By:Vandita Jadeja 2018-03-01

The State Bank of India is set for a significant restructuring of its business in the UK from April. SBI’s UK operations will transform into a subsidiary named State Bank of India UK Limited from 1st April. It will be in compliance with a wider ring fencing of capital requirements by the Bank of England. The retail branches of SBI in the UK will now fall under the UK banking entity instead of the previous status as overseas branches of an Indian entity.

There will be no visible change; the only change will be the change of brand to State Bank of India UK Limited. There are seven retail branches in London and five outside London. All the branches will be a part of SBI UK Ltd. There will be no dislocation in the day to day activities. Consumers will be carrying on the banking facilities as before, the move will only mark a shift for the bank with a higher focus on the UK market. The bank will be looking towards more business in the UK and expanding products which are designed for the market.

This strategic move follows Bank of England’s Prudential Regulation Authority which directs foreign banks to move from their retail status as overseas branches to independent entities in order to protect the depositors in the UK from any fluctuation in the foreign market. As a subsidiary, this will bring an additional comfort level. This restructuring has marked a major endorsement for London as a financial capital of the world despite the uncertainties triggered by Brexit.

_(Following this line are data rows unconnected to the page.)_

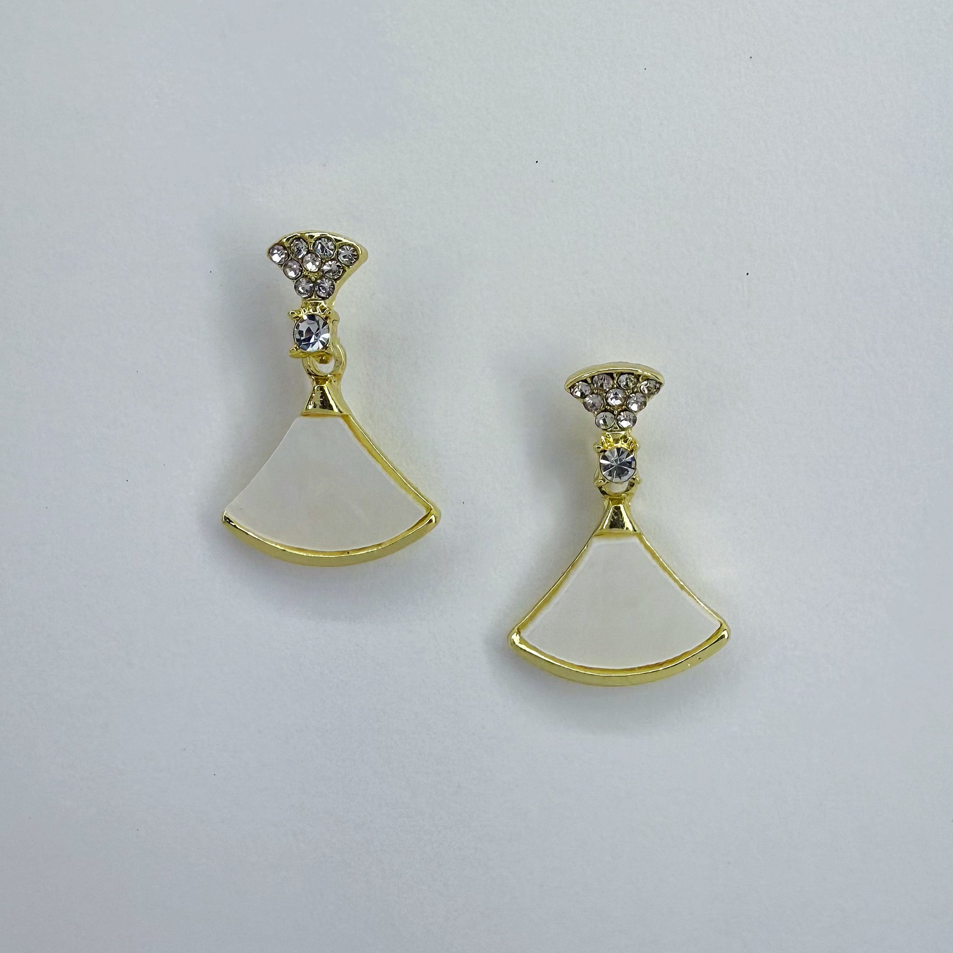 Experience the exquisite beauty and sophistication of these stunning gold-finished earrings. Adorned with shimmering rhinestones and lustrous mother of pearl, these designer-inspired earrings exude elegance and charm. Elevate your style with these dazzling accessories today!
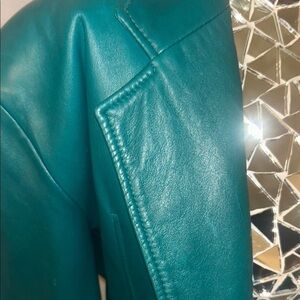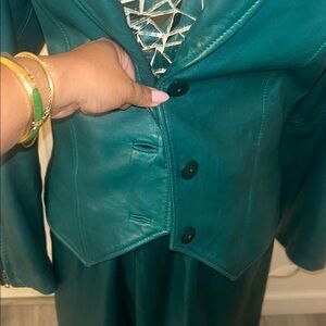 Step out in style with this elegant green leather women's pantsuit. Feels like lamb skin leather. Perfect for any occasion, this ensemble offers a sophisticated look with its rich color and tailored fit. Hard to find and rare. Especially as a set. Super stylish and looks brand new. Fits like a medium, says size 1.
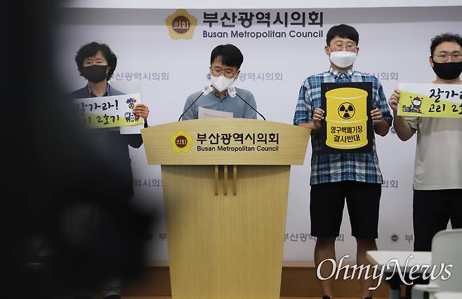 | ▲ 18일 부산시의회 브리핑룸에서 ‘고리2호기 수명연장 방사선과 지진으로부터 안전한가?’와 관련한 기자회견, 기자간담회가 열리고 있다. |

The expansion of SBI in the UK market was welcomed as a vote of confidence by the City of London Corporation which has a remit to promote the British capital as a world leading financial hub. This move is seen as a reflection of the strength of India UK ties in financial services. SBI has been running an office in London since 1921 and will soon be building a 100-year-old relationship with the city. Apart from the seven branches in London, it has others in Manchester, Coventry, Birmingham, Leicester and Wolverhampton. All the cities have a large concentration of Indian population. The bank stated that the Indian origin customer will remain at the heart of its operations; it will use the expansion to cater to the larger UK market as a local bank.